Structures of three infection cycle intermediates of Coxsackievirus A6

Carina R Büttner, Radovan Spurny, Tibor Füzik, Pavel Plevka

CEITEC-MU, Structural Biology, Masaryk University, Brno
corresponding author: carina.buttner@ceitec.muni.cz

Coxsackievirus A6 (CVA6) has recently overtaken CVA16 and Enterovirus 71 as the primary causative agent of epidemics of hand, foot and mouth disease (HFMD) that usually affects children but occasionally spreads also to adolescents and adults. Millions of self-limiting HFMD cases and several hundred of deaths are reported each year, predominantly in the Asian-Pacific region.

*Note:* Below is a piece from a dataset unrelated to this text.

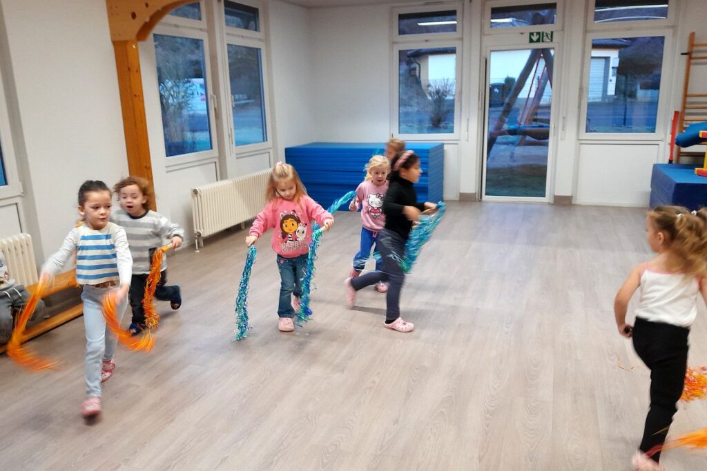 Auch die Bänder kamen zum Einsatz: Mit schwungvollen Bewegungen, Drehungen und Tänzen entstanden bunte Muster in die Luft. Die Kinder konnten dabei ihrer Fantasie freien Lauf lassen und ein Gefühl für Rhythmus und Raum entwickeln. Psychomotorik fördert nicht nur die motorischen Fähigkeiten, sondern stärkt auch das Selbstvertrauen, die Wahrnehmung und die Freude an Bewegung. Die Kinder waren mit Begeisterung dabei und hatten sichtbar viel Spaß an den abwechslungsreichen Bewegungen.
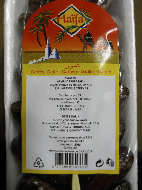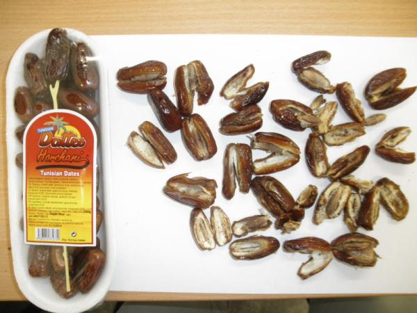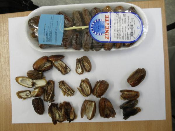 Jedná se o čtyři šarže sušených datlí, kde inspekce po otevření balení zjistila přítomnost mrtvých larev a brouků v plodech a stop jejich působení, zejména požeru a exkrementů. Závadné šarže inspekce zjistila v provozovnách společnosti Tesco Stores ČR, a. s. na Nádražní ulici v Kdyni a Domažlické ulici v Klatovech a dále v provozovně společnosti ČEROZFRUCHT s.r.o. v ulici Na Jíkalce v Plzni. Potraviny napadené škůdci nelze považovat za bezpečné a proto SZPI v souladu s Nařízením (ES) 178/2002 Sb. nařídila provozovatelům, aby neprodleně stáhli předmětné šarže ze své tržní sítě. Dále inspekce zjistila a zakázala uvádět do oběhu sedm šarží suchých skořápkových plodů. Jedná se o dvě šarže vlašských ořechů ve skořápce, které nabízela provozovna společnosti Globus ČR, k. s. v Chotíkově. SZPI zde v jádrech plodů zjistila stopy činnosti škůdců, zejména požer a pavučinky, jádra byla rovněž napadená plísní a byla nepřirozeně seschlá a tmavá. Obdobné závady vykazovala i jedna šarže vlašských ořechů v nabídce provozovny společnosti Kaufland Česká republika v.o.s. na Pivovarské ulici v Domažlicích. Jedlé kaštany se zaplesnivělými plody SZPI zjistila v provozovně společnosti Ahold Czech Republic, a. s. na Gerské ulici v Plzni a v už jmenované prodejně Globus v Chotíkově. Podrobnosti a další zjištění inspekce viz tabulka níže.

However, no vaccine against CVA6 is available, and vaccine development against CVA16 and EV71 has proven challenging and even trivalent vaccine candidates fail to cross-protect. Recently published structural characterizations of CVA6 [1,2] lack structural data of the native antigenic, mature virion. Unlike other picornaviruses, CVA6 virus particle preparations yield visibly only expanded and empty capsid conformations [1, and our observations]. By using a very large cryo-electron microscopy (cryo-EM) dataset, we were able to detect a small subset of mature virions during the 3D classification steps of single particle reconstruction. Here, we present high-resolution cryo-EM structures of CVA6 infection cycle intermediates, including mature virion, expanded and empty capsids to 3.3, 2.8 and 3.2 Å resolution (at FSC = 0.143), respectively. Structure comparisons, conformational changes and their implications will be discussed.

 

1.       Xu, L., et al., Nat Commun (2017) 8(1): 505.

2.       2. Chen, J., et al., J Virol (2018) 92(2): e01257-17.